RESULTS_DIR = Path to result dir
CKPT_PATH = Path to folder containing trained models for the 10 random seeds (eg: './result_folder/CNN/')
TEST_DATASET_NAME = set as 'tcga' for 'TCGA-BRCA' for others set as 'Other'
CSV_FILE_CONTAINING_ANNOTATIONS = Path to csv file with test data

python -u eval_cnn.py ${RESULTS_DIR} ${CSV_FILE_CONTAINING_ANNOTATIONS} ${FEATURE_PATH} ${WSI_IMAGE_EXT} \
${CKPT_PATH} ${TEST_DATASET_NAME}

Evaluating CLAM (CLAM_MB)

RESULTS_DIR = Path to result dir
MODEL_SIZE = set to 'small' for Imagenet features and to 'moco' for moco features
CKPT_PATH = Path to folder containing trained models for the 10 random seeds (eg: './result_folder/')
CSV_FILE_CONTAINING_ANNOTATIONS = Path to csv file with test data

CUDA_VISIBLE_DEVICES=XX python eval_clam.py --drop_out --k 1 --models_exp_code ${CKPT_PATH} \
	--save_exp_code ${RESULTS_DIR} --task task_3_cleo_binary --model_type 'clam_mb' \
	--results_dir results --data_root_dir ${FEATURE_PATH} --csv_dir ${CSV_FILE_CONTAINING_ANNOTATIONS} \
	--model_size ${MODEL_SIZE} --drop_out

Data availability

TCGA slide image data can be accessed through the Genomic Data Commons (GDC) portal https://portal.gdc.cancer.gov/. TIL scores for the TCGA slides are available from the authors upon reasonable request.
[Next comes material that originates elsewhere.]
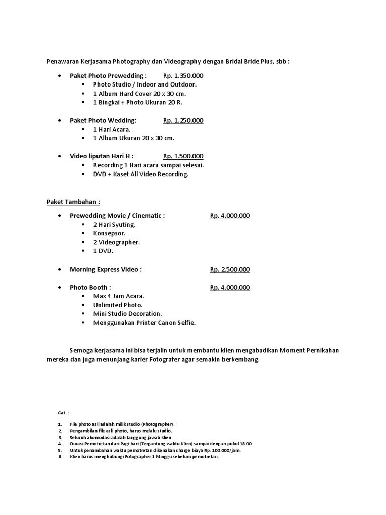 Penawaran Kerjasama Photography Dan Videography Dengan Bridal Bride Plus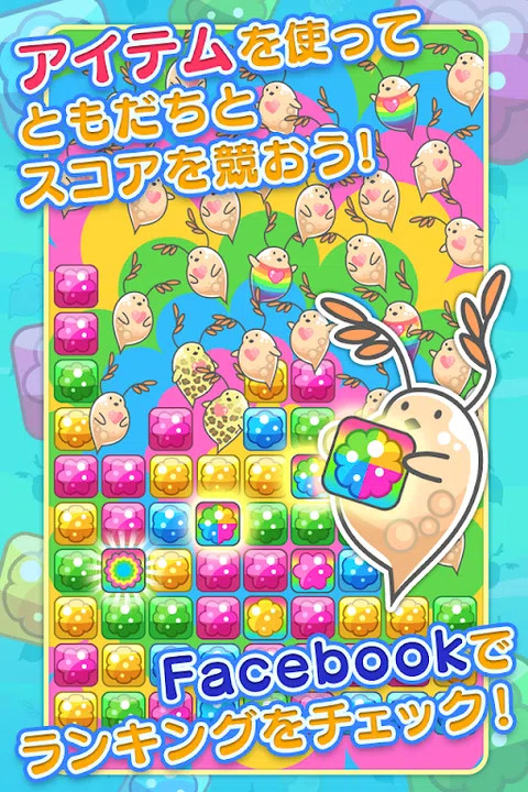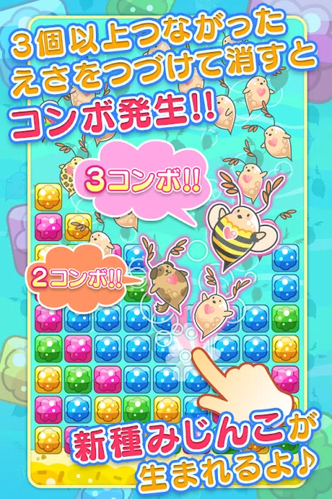 这是一种新型的益智游戏,可以制作很多可爱的Mijinkos! 点击积木喂 Mijinkos 以生产更多! ■玩法 规则很简单。 快速点击至少 3 个对齐的相同颜色的块。 你擦得越多,你得到的 Mijinkos 就越多。 增加你的 Mijinkos 并瞄准高分! ■一次擦除尽可能多的块 当您一次擦除多个块时,您可以生产稀有的 Mijinkos! ■制作组合 ■获得高分 您的分数取决于您获得的 Mijinko 的数量和种类。 制作大量稀有的Mijinkos以获得高分! ■使用物品 通过擦除许多块,您可以获得物品。 在正确的时间使用它们以获得高分! ■和你的Facebook好友一起玩! 与您的 Facebook 好友一起玩,享受更多乐趣! - Mijinko-chan现在在Twitter上!跟着我

The slide images used in this study from clinical trials are subject to strict control and usage requirements and have been used with direct permission from the data custodians. To obtain the slide images and TIL scores requests should be made to the corresponding authors of the current study. TIGER slide image data along with TIL scores are available at https://tiger.grand-challenge.org/

Trained model availability

Trained model weights for the MoCo encoder and the two mixed dataset classification models of this paper are available upon request from corresponding authors of this work. Model weights for segmentation model can be requested from corresponding author of https://doi.org/10.1093/bioinformatics/btz083.

Acknowledgement

This code thankfully re-uses/ modifies/ extends code shared by following repositories.

License

This source code is released under the GNU General Public License v3.0, included here.